BACKGROUND & AIMS: :In a previous large scale screen for differentially expressed genes in pancreatic cancer, we identified a gene highly overexpressed in cancer encoding a novel protein with four K-homologous (KH) domains. KH-domains are found in a subset of RNA-binding proteins, including pre-mRNA-binding (hnRNP) K protein and the fragile X mental retardation gene product (FMR1). By fluorescence in situ hybridization (FISH) the identified gene named koc (KH domain containing protein overexpressed in cancer) was assigned to chromosome 7p11.5. Two pseudogenes were localised on chromosome 6 and 11. The cloned koc cDNA has a 250 bp 5'-UTR, a 1740 bp ORF and a 2168 bp 3'-UTR. The AU-rich 3'-untranslated region of koc contains eight AUUUA and four AUUUUUA reiterated motifs. The deduced koc protein with 580 amino-acids has a relative molecular mass (Mr) of approximately 65,000 (65 K). The koc transcript is highly overexpressed in pancreatic cancer cell lines and in pancreatic cancer tissue as compared to both, normal pancreas and chronic pancreatitis tissue. High levels of expression were as well found in tissue samples of other human tumours. As the KH domain has been shown to be involved in the regulation of RNA synthesis and metabolism, we speculate that koc may assume a role in the regulation of tumour cell proliferation by interfering with transcriptional and or posttranscriptional processes. However, the precise role of koc in human tumour cells is unknown and remains to be elucidated.

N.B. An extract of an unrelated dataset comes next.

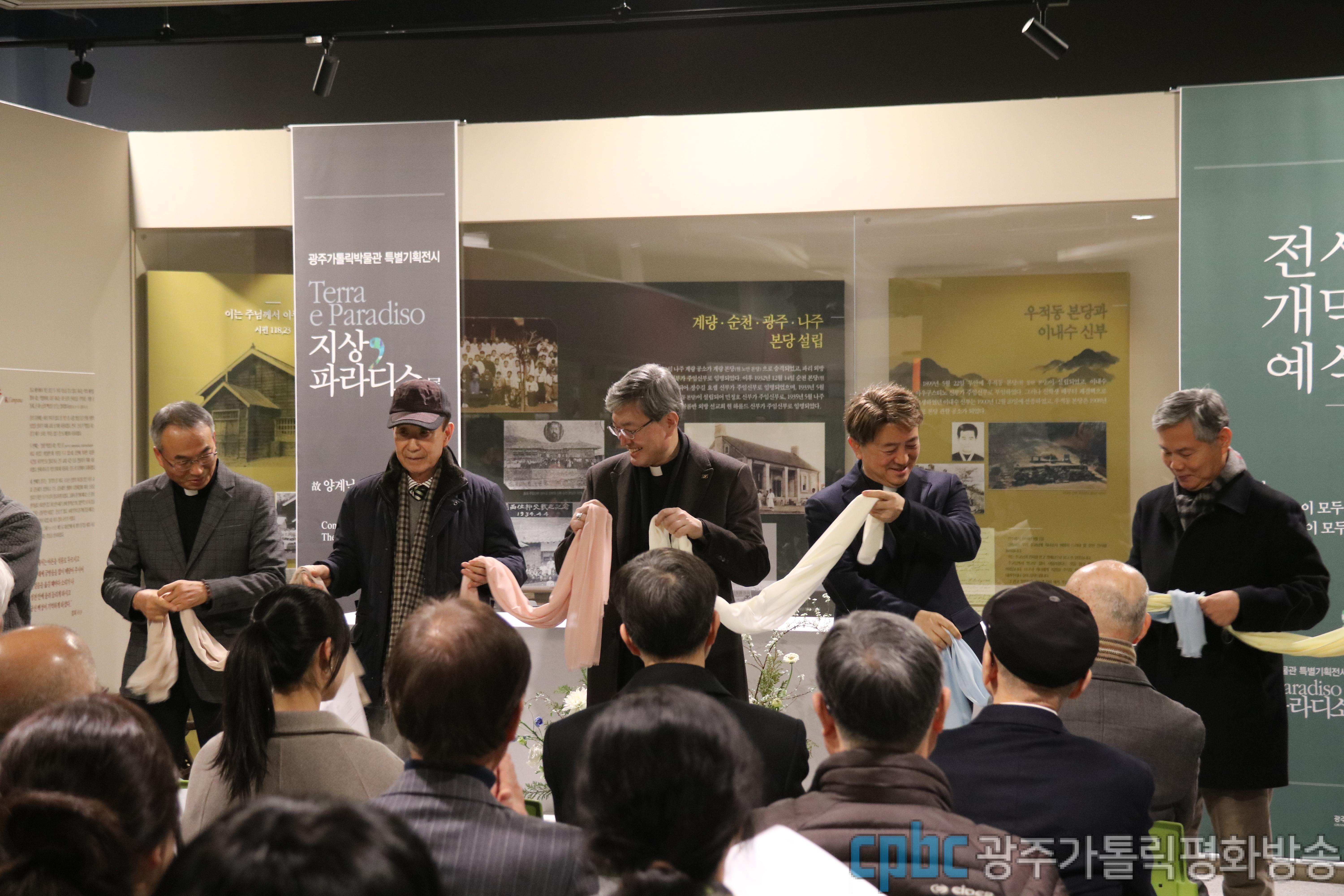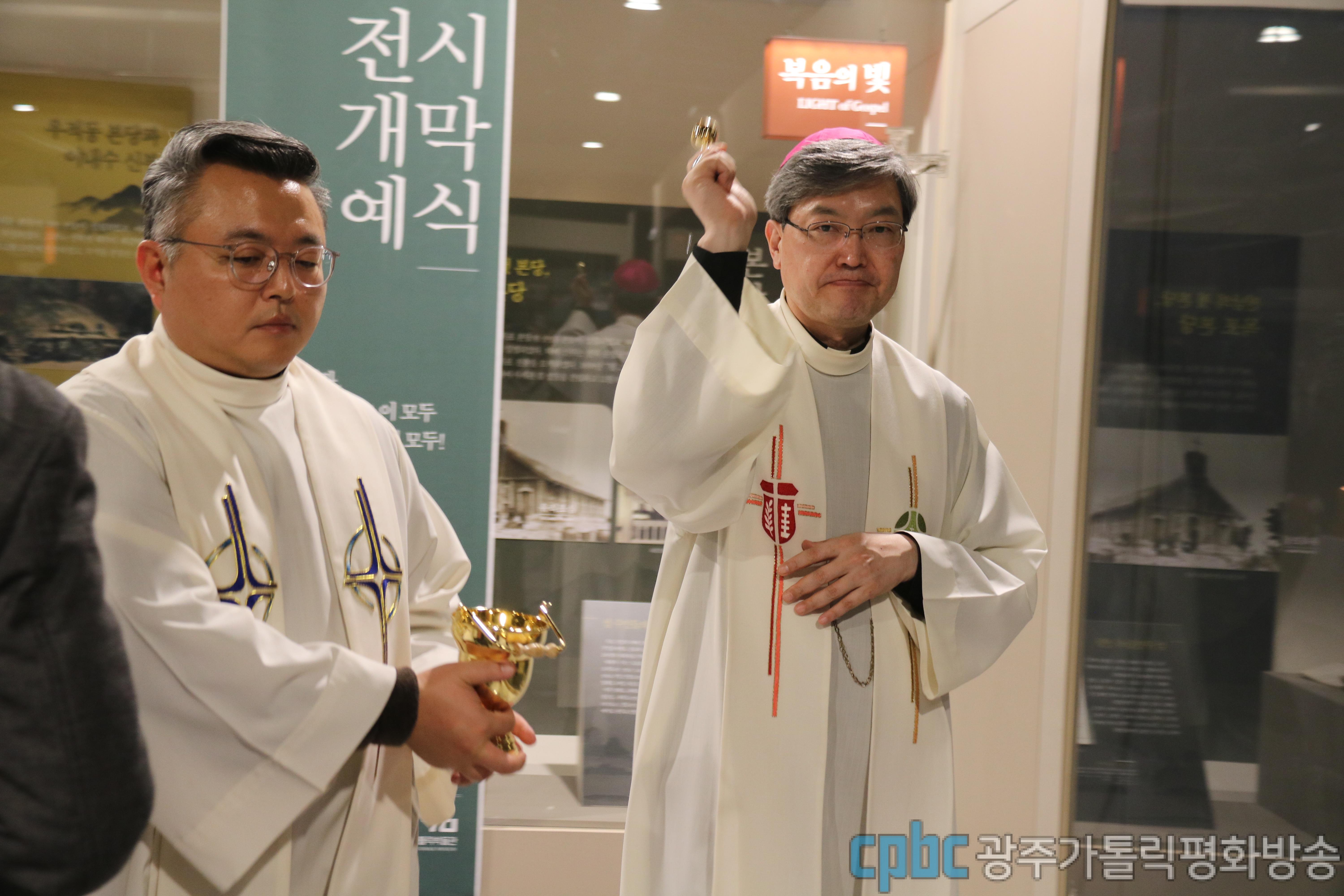 이날 개막식은 옥현진 대주교의 주례로 축복 예식이 집전됐으며 성수 뿌림을 시작으로 전시 경과 보고와 축사, 기증증서 수여, 감사 인사, 축하 노래 순으로 진행됐습니다.
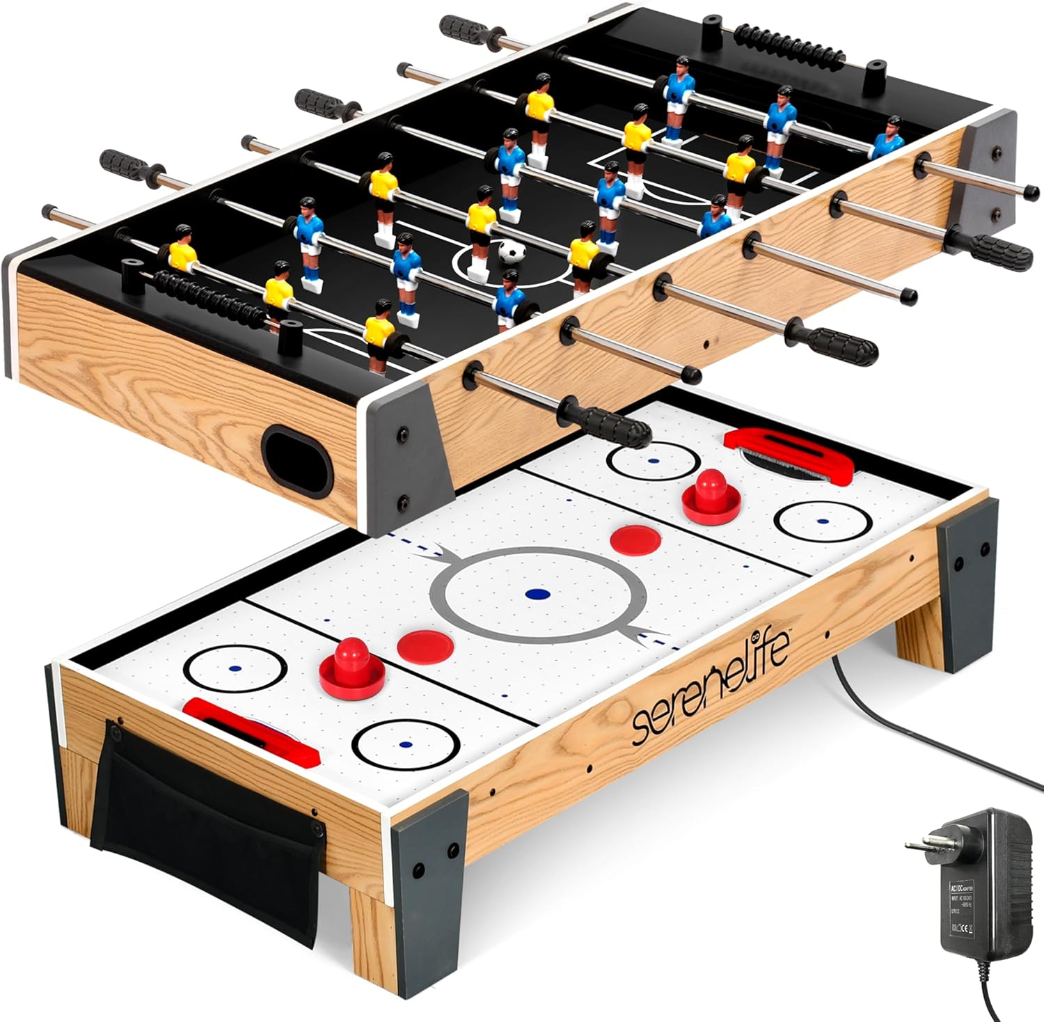 Tavolo da gioco multiplo 2 in 1: biliardino, tavolo da hockey in un unico tavolo da gioco. Il tavolo facilmente girevole è perfetto per tornare indietro e può passare da una partita all'altra in pochi secondi. Facile da montare e da usare: tutti gli accessori necessari per questi giochi sono inclusi. Secondo il manuale grafico dettagliato, puoi assemblare rapidamente il tavolo multi-gioco. Capovolgere la tavola da calcio balilla e diventa tavola da air hockey. Struttura robusta: questo tavolo da gioco è realizzato in MDF di alta qualità per una maggiore durata. La struttura in legno massello e il tavolo offrono un comodo spazio integrato per tutti gli accessori per ogni gioco. Dimensioni: 70 x 36 x 11 cm (lunghezza x larghezza x altezza), peso: 4 kg Perfetta esperienza di gioco: ideale per qualsiasi riunione, questo tavolo 2 in 1 porta l'azione e l'emozione dell'hockey e del calcio ad aria a casa tua: tutti vorranno giocare.

背景与目标： ：在先前针对胰腺癌中差异表达基因的大规模筛选中，我们鉴定了在癌症中高度过表达的基因，该基因编码具有四个K同源（KH）域的新型蛋白质。 KH结构域存在于RNA结合蛋白的子集中，包括前mRNA结合（hnRNP）K蛋白和脆弱的X智力低下基因产物（FMR1）。通过荧光原位杂交（FISH），将鉴定出的名为koc（在癌症中过表达的KH域蛋白）的基因分配给7p11.5染色体。两个假基因位于6号和11号染色体上。克隆的koc cDNA具有250 bp的5'-UTR，1740 bp的ORF和2168 bp的3'-UTR。富含AU的3'非翻译区域的koc包含八个AUUUA和四个AUUUUUA重复的基序。推导的具有580个氨基酸的koc蛋白的相对分子质量（Mr）约为65,000（65 K）。与正常胰腺和慢性胰腺炎组织相比，koc转录本在胰腺癌细胞系和胰腺癌组织中高度过表达。在其他人类肿瘤的组织样本中也发现了高水平的表达。由于已经显示出KH结构域参与RNA合成和代谢的调节，我们推测koc可能通过干扰转录和/或转录后过程而在调节肿瘤细胞增殖中发挥作用。但是，koc在人肿瘤细胞中的确切作用尚不清楚，尚待阐明。

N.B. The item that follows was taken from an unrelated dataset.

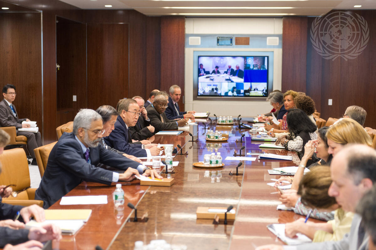 Secretary-General Ban Ki-moon (third from left) chairs a UN system-wide coordination meeting the Ebola virus outbreak in West Africa, which the World Health Organization (WHO) has declared a public health emergency of international concern. Taking part in the meeting via video link were WHO Director-General Dr. Margaret Chan and Dr. David Nabarro, newly appointed Senior UN System Coordinator for Ebola Virus Disease.

BACKGROUND & AIMS: :Oral cancer is a neoplasm with some known causes. Proliferation genes are significant among its few pathogenetic and prognostic factors. Calcyclin is a cell-cycle-related gene, the function of which is still unclear. Its expression and that of Haras and histone-H3 have been investigated in an assessment of their pathogenetic role in squamous cell carcinoma. RNA extracted from the pathological and normal mucosa of patients with squamous cell carcinoma (SCC) and benign lesions was reverse transcribed and amplified by the polymerase chain reaction (PCR). The expression of all three genes in the pathological mucosa was enhanced in SCC only. This suggests that they may be involved in its pathogenesis and provides another parameter for the differentiation of malignant and benign lesions.

背景与目标： ：口腔癌是一种具有某些已知原因的肿瘤。增生基因在其少数致病和预后因素中很重要。钙环蛋白是与细胞周期相关的基因，其功能尚不清楚。为了评估它们在鳞状细胞癌中的致病作用，已经研究了它的表达以及Haras和组蛋白H3的表达。从鳞状细胞癌（SCC）和良性病变的病理和正常粘膜中提取的RNA通过聚合酶链反应（PCR）进行逆转录和扩增。仅在SCC中，病理黏膜中所有三个基因的表达均得到增强。这表明它们可能参与其发病机理，并为区分恶性和良性病变提供了另一个参数。